Sergio mengangguk dengan kaku. Perubahan hati wanita terlalu menyeramkan, pikir Sergio.


"Jadi itulah peraturan yang kuterapkan. Sekarang kita mulai duel-"


"Hei! kubilang tunggu dulu!"


"Nya... Apa lagi yang ingin kau tanyakan?" Tanya Dewa Agni yang sepertinya juga sudah mulai jengkel.


Sergio menunjuk pedang gelap yang saat ini berada di tangannya. "Siapa namanya?" Tanya Sergio pada Rakka.


"Namanya. Baby uwu kamu manis sekali!" celetuk Fahrez secara tiba-tiba.


Rasanya Sergio ingin mengeluarkan kamus bahasa kasar yang ada di dalam pikirannya saat ini.


"Darimana saja kamu?"Tanya Rakka penasaran. Pasalnya, Fahrez menghilang sejak awal.


Fahrez menunjuk ke belakang menggunakan ibu jarinya. "Aku menyiapkan tempat duduk."

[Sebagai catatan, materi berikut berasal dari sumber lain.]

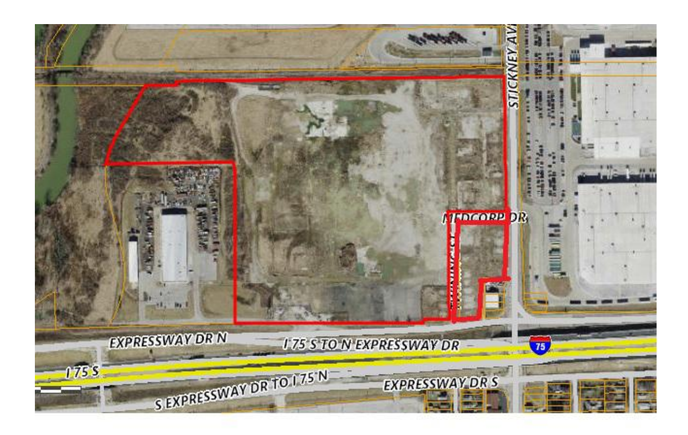
Legal Description of Parcels on following pages

Terlihat tempat duduk yang terlihat nyaman. Belum lagi beberapa minuman segar dan cemilan yang menggugah selera.


"Entah kenapa dirimu sangatlah pengertian. Thanks bro!" ucap Dewa Ares sambil menepuk bahu Fahrez dengan semangat.


Pada akhirnya Keempat Dewa-Dewi itu berjalan ke arah kursi. Kemudian mereka duduk dengan nyaman.


Sedangkan disini masih ada satu orang yang masihlah pusing memikirkan. Siapa nama pedangnya?


"Baiklah mari kita coba. Pussy? Veru? Jonathan? Pizz- bukan. Maksudku Hyena? Black? Atau-"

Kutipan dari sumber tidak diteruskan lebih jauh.